Anahtar cümle budur. Ben şöyle yorumladım: "Eğer Balyoz'da bir suç varsa İlker Paşa da işin içindedir. Şimdiden uyarayım, araştırmasını ona göre yapsın." Yanlış olduğunu düşünüyorsa, yapacağı açıklamaya köşemiz açıktır.


Doğrudur, İlker Paşa, 2002 Ağustos'unda Aytaç Yalman'ın kurmay başkanı oldu ve 1 yıl bu görevde kaldı. Daha sonra 2 yıl süreyle Genelkurmay Başkanı Hilmi Özkök'ün ikinci başkanlığını yaptı.


Bir tarafta darbe soruşturmasında ifade veren Aytaç Paşa, diğer tarafta aynı soruşturmada tanık sıfatıyla ifadesine başvurulan Hilmi Paşa...


İlker Paşa, bir dönem ikisine de çok yakın çalışmış. Şimdi ikisini de yakından ilgilendiren çok önemli bir darbe planı (Balyoz) araştırmasıyla ilgili kararını açıklayacak. Bu sonuç, tartışmanın seyrini değiştirecektir.


Genelkurmay başkanının Hilmi Özkök'le ilişkisinin iyi olduğu biliniyor. Aytaç Yalman'ın ise hiçbir zaman İlker Paşa'ya güvenmediği algısı güçlüdür.

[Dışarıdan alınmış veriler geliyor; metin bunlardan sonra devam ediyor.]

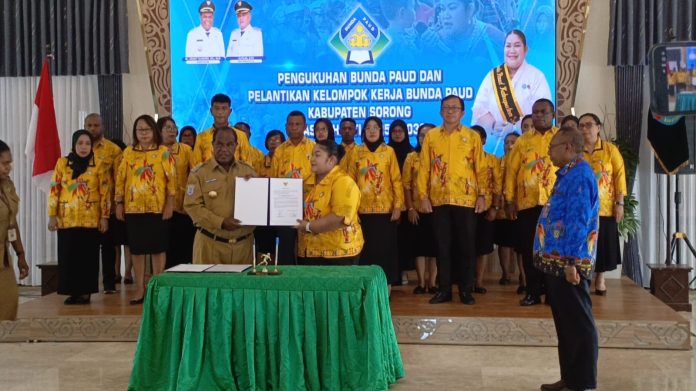 SORONG – Ny. Junita Linda Kamuru resmi dilantik sebagai Bunda Pendidikan Anak Usia Dini (PAUD) Kabupaten Sorong sekaligus mengukuhkan Kelompok Kerja (Pokja) Bunda PAUD masa bakti 2025–2030. Acara berlangsung di pendopo kediaman Bupati Sorong, Selasa (16/09/25), dihadiri pejabat daerah, tenaga pendidik, hingga kader posyandu.

Yalman'ın Hürriyet'e yaptığı bu açıklama, genelkurmay başkanına mesaj olabilir mi? Üzerinde durulması gereken bir sorudur.


Cevap ararken gelin günlüklere bir bakalım. Tarih 15 Kasım 2003...

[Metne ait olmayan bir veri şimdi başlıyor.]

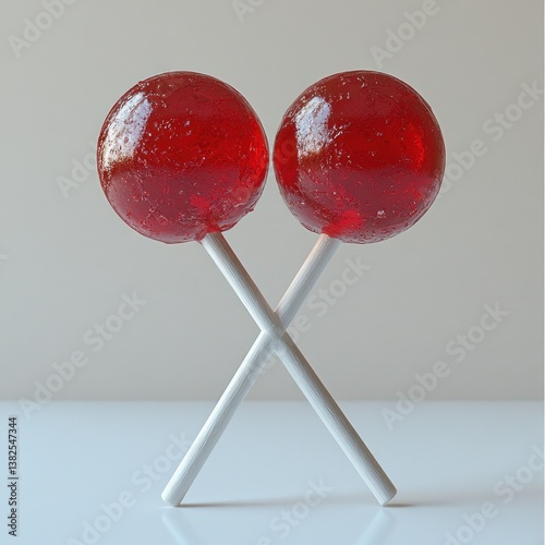 Red Lollipops Crossed in X Shape on White Background Hyper-Realistic Still Life

Aytaç Yalman, Hilmi Özkök'le yaptığı sert konuşmanın sonunda "Size söylemek istemezdim ama geçen yıl size en fazla desteği kim verdi. Şöyle bir düşünün" diye soruyor. Özkök'ün cevabı: "Tabii ki sen verdin ve sana çok müteşekkirim." Yalman: "O halde nasıl olur da böyle bir şeyi bizim hakkımızda düşünebilirsiniz."

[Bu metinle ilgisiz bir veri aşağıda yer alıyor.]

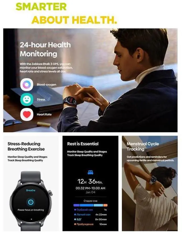 3. Manual measurement: wrist heart rate, SpO2 (blood oxygen) level measurement, stress level, female cycle tracking, breathing training

Böyle bir uyarıya neden ihtiyaç duyduğunu Yalman şöyle izah ediyor: "Son sözleri söylememin gayesi geçen yıl eğer ben ona karşı Çetin Doğan ile birlikte olsaydım onu paramparça edeceklerdi. Ama ben öyle yapmadım."


Bu sözlerden anlaşılan, Çetin Doğan'ın 1. Ordu Komutanlığından emekliye ayrılıp yerine Yaşar Büyükanıt'ın geldiği 2003 Ağustosu'ndaki şura hayli gergin geçmiş. Yalman, Doğan'ın karşısında yer almış.


Buna "iktidar mücadelesi" mi denir, takdir sizlere ait.


Yalman'a atfen günlüklerde yer alan diğer bir bölüm ise şöyle: "İlker (Başbuğ) sana ayrılırken söyledim. Şahsi menfaatlerin sakın ülke menfaatlerinin önüne geçmesin. Tekrar aynı şeyi söylüyorum. Yapmazsın ama yine de unutma."


Güvensizlik hali mevcut...


Yalman ile Örnek arasında geçtiği belirtilen şu diyalog da dikkat çekici: "Her ikimiz de İlker'in zafiyetinin olduğunu ve şimdiden ikbal heyecanına düştüğü şeklinde oldu. Çok pasif davranıyor ve durumu idare etmeye çalışıyordu."


1 Aralık 2003 günü o günlüğe düşen not da şöyle: "Aklımızda hep uyutuluyor muyduk endişesi vardı. 2. Başkan (İlker Başbuğ) güvenilecek bir general değildi. Kendi yararını ülke yararı üzerinde tutuyordu. Ve bize kesin cevaplar vermiyordu."


Aslında bu ağır ithamların nedeni, Başbuğ'un kendi oyunlarının parçası olmamasıydı. Özkök'ü tasfiye edip önleri açılmadığı için Başbuğ'a da kızıyorlardı.


Şimdi Başbuğ, kritik bir evrede karar verecek. "O dönemde kurmay başkanımdı, konuyu yakından bilir" diyen Yalman ise kenarda bekliyor. Bir tarafta da yargıda devam eden inceleme var.


Ama sonuç ne olursa olsun, hiçbir şey eskisi gibi olmayacak.